Organizations think they need command and control because they assume things like

  • “Our workers cannot oversee how to best do their job”
  • “Our workers do as little as possible”
  • “Our workers do not care about quality”

Even is this is true in your organization, as sad is that would be, the solution for this is to look at the system the people work in. In Lean thinking we believe that most problems and errors are systemic in nature. Meaning that the output the people produce is a consequence of the the system they work in and are a part of.

So, if you want to eliminate command and control and let people use their talents and passion as much as possible in the good of the company what about starting with the following

  • Creating a clear purpose and direction.
  • Letting people closest to the work decide how to do their work and how to measure progress towards the goal.
  • Expect from people to try, fail and learn.

If your best people are on the job, they share a clear purpose and direction, can decide how to organize their work, measure progress towards the common goal, have the safety to learn and as a result have intrinsic motivation to make it a success then…. what do you need to control?

Categories: Agile stuff, Lean Tags: , ,

Using change teams to adopt Agile

Ever helped a team in practicing agile only to see that after you left the team fell back into old habits?
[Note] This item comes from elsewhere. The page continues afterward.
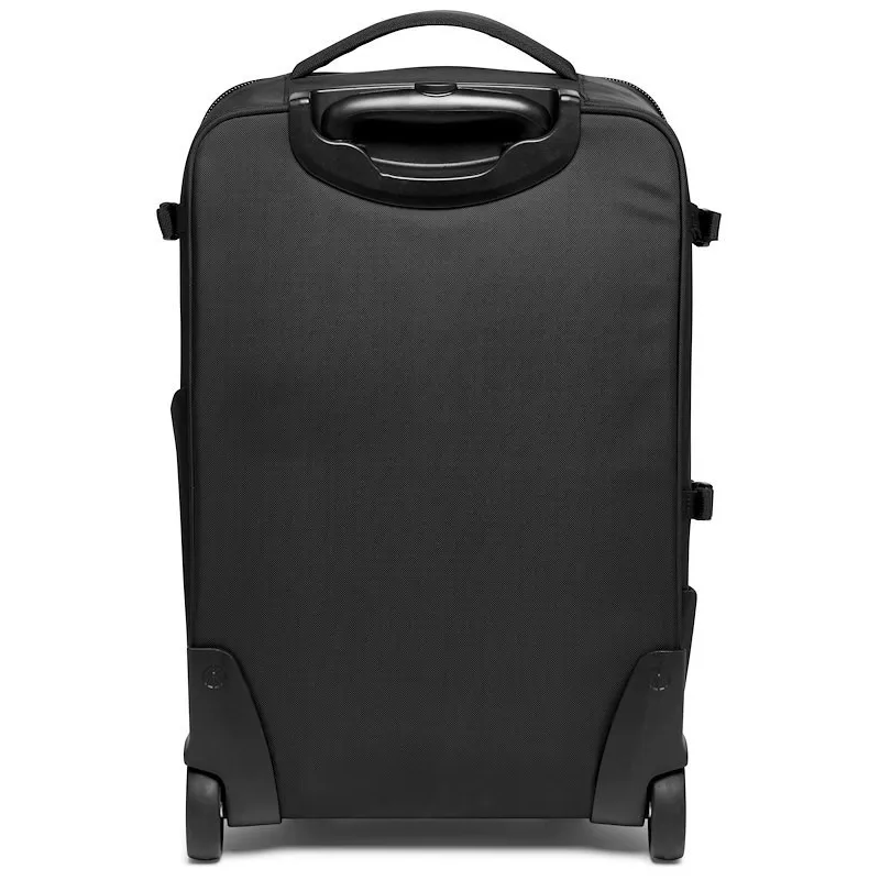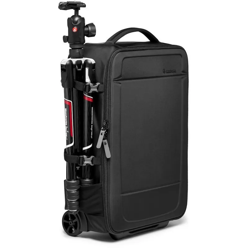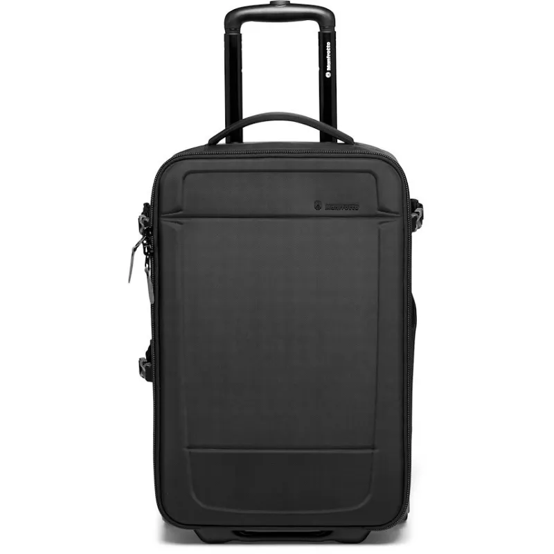 This two-wheel rolling bag fits international carry-on size restrictions* and can accommodate a mirrorless camera with 70-200 mm f/4, a second camera body and up to 5-6 lenses. The main full front opening features heavy duty 10mm YKK® zippers while the padded camera compartment features the brand-new Manfrotto M-Guard™ Protection System. Made of special high-density EVA foam, these special dividers provide exceptional shock absorbing response with a super slim profile. The customizable folding patterns allow maximum versatility to fully protect camera gear while maximizing the use of space.

During your presence the team did good and team spirit was high. After you left many of the things you helped set up were abandoned. Why is that?
Unfortunately this happens quite often and it kept me wondering. What is it that you can do to leave a team that’s strong enough to keep doing the things they believe are right and not fallback into old habits?

Create optimization teams
The most important thing you should do is create optimization teams. Find the people in the organization that share a passion for a particular topic like e.g. Scrum mastery, agile testing, product ownership, TDD or simple design to name a few. Get those people together into teams and come up with short term and long term goals and guess what…. a backlog of work that needs to be done to achieve the goals. The ultimate goal of an optimization team is to ‘optimize the whole’ that is their project, department or company on their topic of interest.
Facilitate that these teams come together on a regular basis to work to transform the backlog into change. Use the meetings to share ideas and experiences from the projects they work on. Train, consult and motivate them to become highly skilled in their topic of interest so that they can go into their projects as evangelists and hands-on mentors of their project members or colleagues.

Help them understand the problem and the solution
One of the things that goes wrong is helping teams solve their problems without helping them understand the root cause of the problem first. In the role of a coach it is relatively easier to convince people and therefore also very tempting to jump in and convince teams to use this or that solution. If intelligent people do not fully understand why they are doing things and why it makes their life better then “why not stop doing them”.

Laying Agile foundations
While coaches are there working with the teams they take a lot of the ‘heat’ from the organization around the teams. After all the teams are changing the way they operate and this gives friction with the parts of the organization that are still working as usual. After a coach leaves, the team has to face the organization friction themselves and this is often to much to handle for them. Before you go you must satisfy the ‘pre-conditions to Agile’ to lay down the Agile foundations.
A very useful guideline for doing this is J.O.Coplien’s book Organizational Patterns of Agile Software Development.